Streaming Integration

  1. In Windows, configure OBS Studio to capture the WSLg pygame window via Window Capture.
  2. Add overlays, audio sources, and restream settings for Twitch + TikTok (RTMP keys managed per platform).
  3. Keep the pygame window visible/on top to ensure consistent capture.

Testing & Quality

poetry run pytest

The suite covers gatekeeper heuristics, Canvas-DSL validation, queue semantics, and LLM orchestrator fallback behaviour.
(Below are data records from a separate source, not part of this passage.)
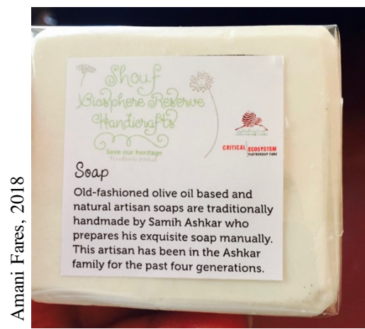
Figure 3 Etiquette indiquant la méthode traditionnelle de fabrication par l'artisan S.A..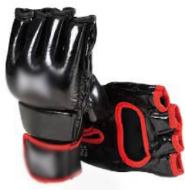
MITAINES Uniquement pour les Minimes à Vétérans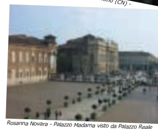
Rosanna Novara - Palazzo Madama visto da Palazzo Reale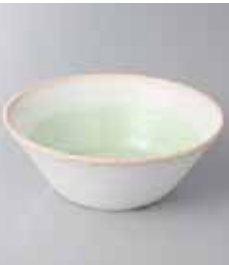
73-21-25G 650円 若葉4.5鉢 14.3×5.1cm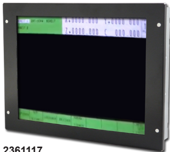
2361117 - Blende frontseitig / Winkelsatz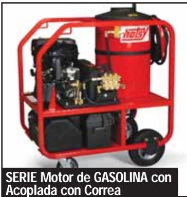
SERIE Motor de GASOLINA con Acoplada con Correa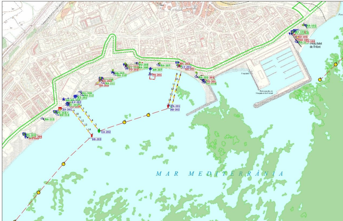
PLA DE DISTRIBUCIÓ D'USOS I SERVEIS DE TEMPORADA DE LES PLATGES 2022-2026 Temporada 2026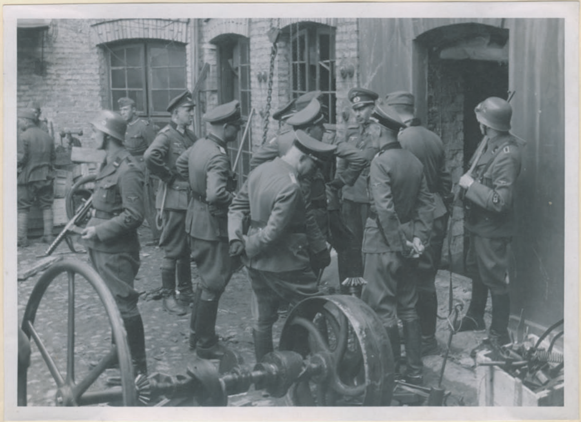
— Die Dänische 116 Britische und Emporen.

Archiwum Główniej Komisji Badania Zbrodni Niem. w Polsce Dok. N. 5/202x - Ino. 4497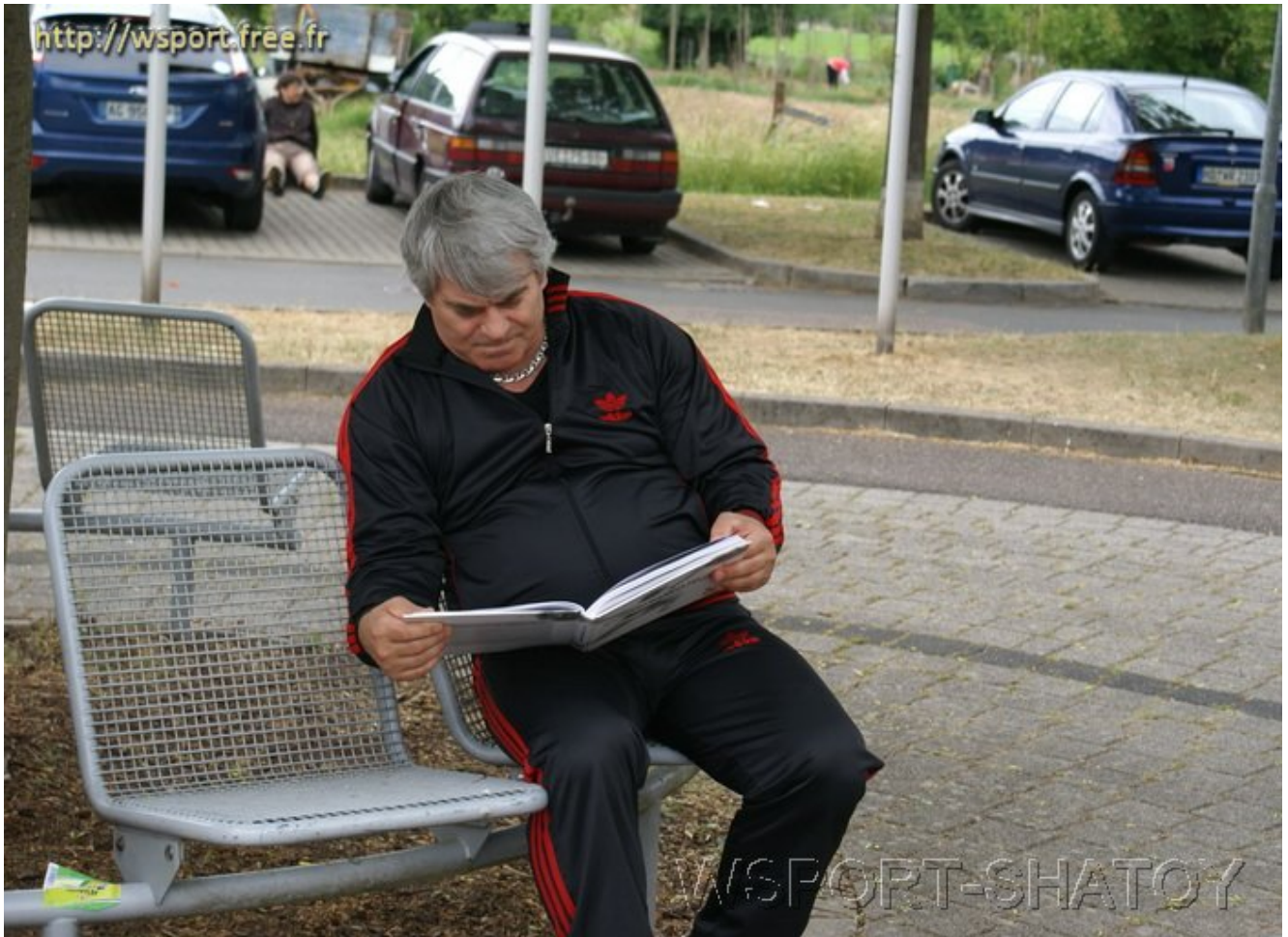
Перед выступлением надо отвлечься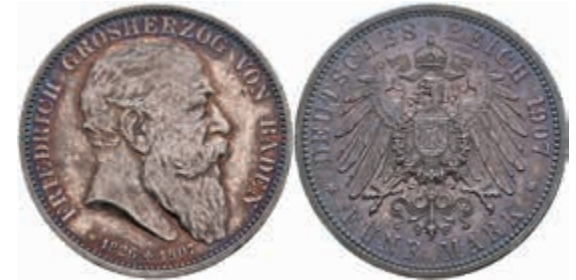
509 5 Mark, 1907, Friedrich I., auf seinen Tod, wz. Rf., schöne Patina, vz-st. J. 37 170,—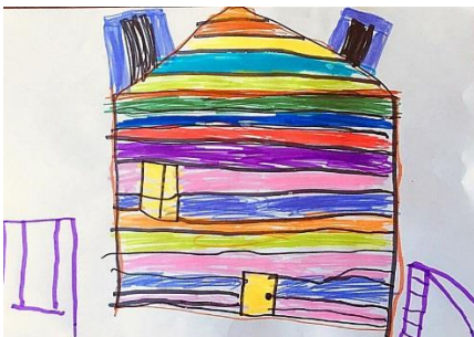
Slika 4. a)

Uspoređujući radove možemo vidjeti da dijete više pažnju usmjerava prema samom izgledu vrtića slikajući prema promatranju. Ono prepoznaje da je vrtić sagrađen od ciglica što jasno vidimo na slici 3.b). Gledajući hipotezu H-2: Djeca predškolske dobi će imati potrebu prilagoditi svoje likovne prikaze stvarnom izgledu motiva u prirodnom okruženju. Dijete crta vrtić sagrađen od ciglica. Tijekom crtanja prema sjećanju više se prisjeća okoliša vrtića, cvijeća i same ograde oko vrtića. Upotrebljava boje koje održavaju neku zatvorenu toplu atmosferu koju podržava nebo i sunce. (Belamarić-Šarčanin,1969:83)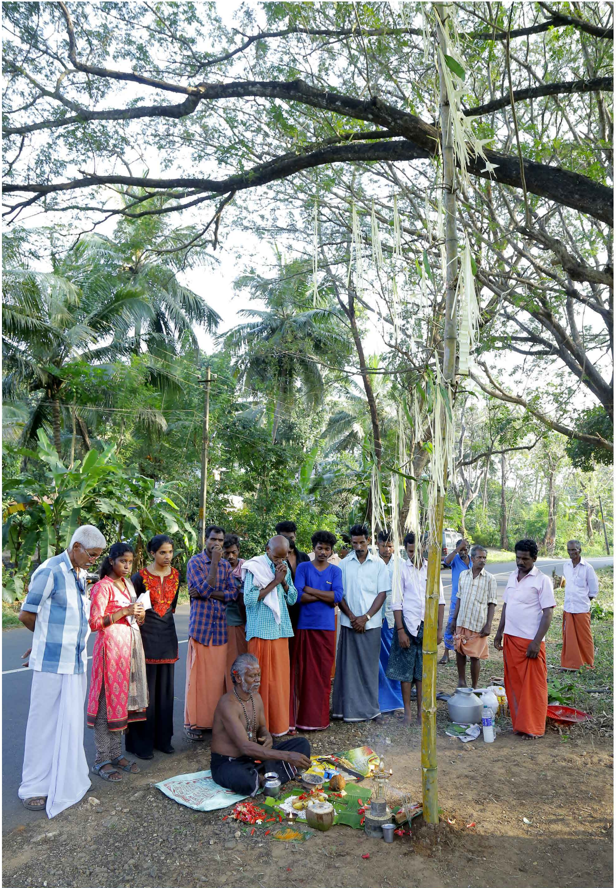
ചിത്രം: 33 കൊടിക്കൂറിയെ പുജചെയ്യുന്ന മുപ്പൻ 37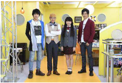
湊家「クワトロM」店内にて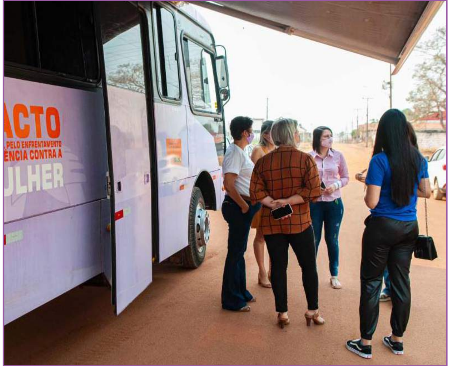
Ação em comunidades quilombola de Vila Bela da Santíssima Trindade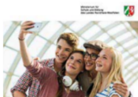
Die gymnasiale Oberstufe an Gymnasien und Gesamtschulen in Nordrhein-Westfalen Informationen für Schulleitende und Schüler, die im Jahr 2021 in der gymnasialen Oberstufe einsteigen.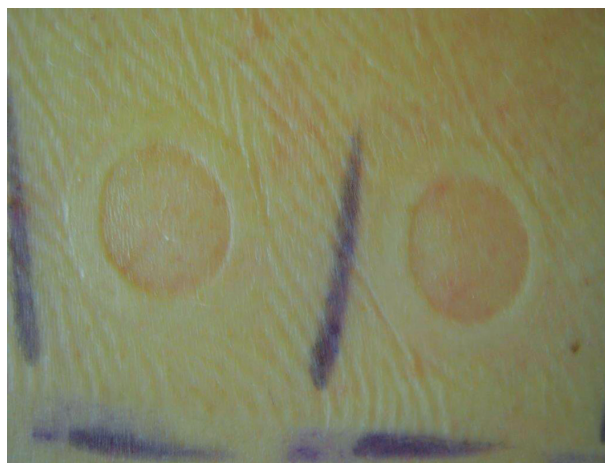
Obr. 9. Tlaková reakce po sejmutí testovacích náplastí

Linting (optional but recommended):

poetry run ruff check
poetry run mypy src

Reference Assets

  • assets/examples/aurora_cabin_plan.json — вручную собранный Canvas-DSL с многоуровневым планом сцены «Aurora Cabin».
  • tests/manual/create_reference_plan.py — генерирует JSON и PNG (out/reference/aurora_cabin_reference.png) из эталонного плана.
  • tests/manual/render_samples.py — использует текущую LLM, чтобы сохранять PNG предпросмотры донатов в out/render_samples/ (для ревью качества).
  • tests/manual/scene_planner_probe.py — прогоняет ~10 разнообразных донатов через ScenePlanner и сохраняет ответы в out/scene_planner_probe/ для ручного ревью.

Shutdown

Press Ctrl+C in the terminal; the service gracefully closes WebSocket/HTTP clients, waits for the current render to finish (unless skipped), and shuts down pygame/WSLg resources.

Additional Docs

  • docs/ARCHITECTURE.md – detailed component topology, data flow, and HUD design.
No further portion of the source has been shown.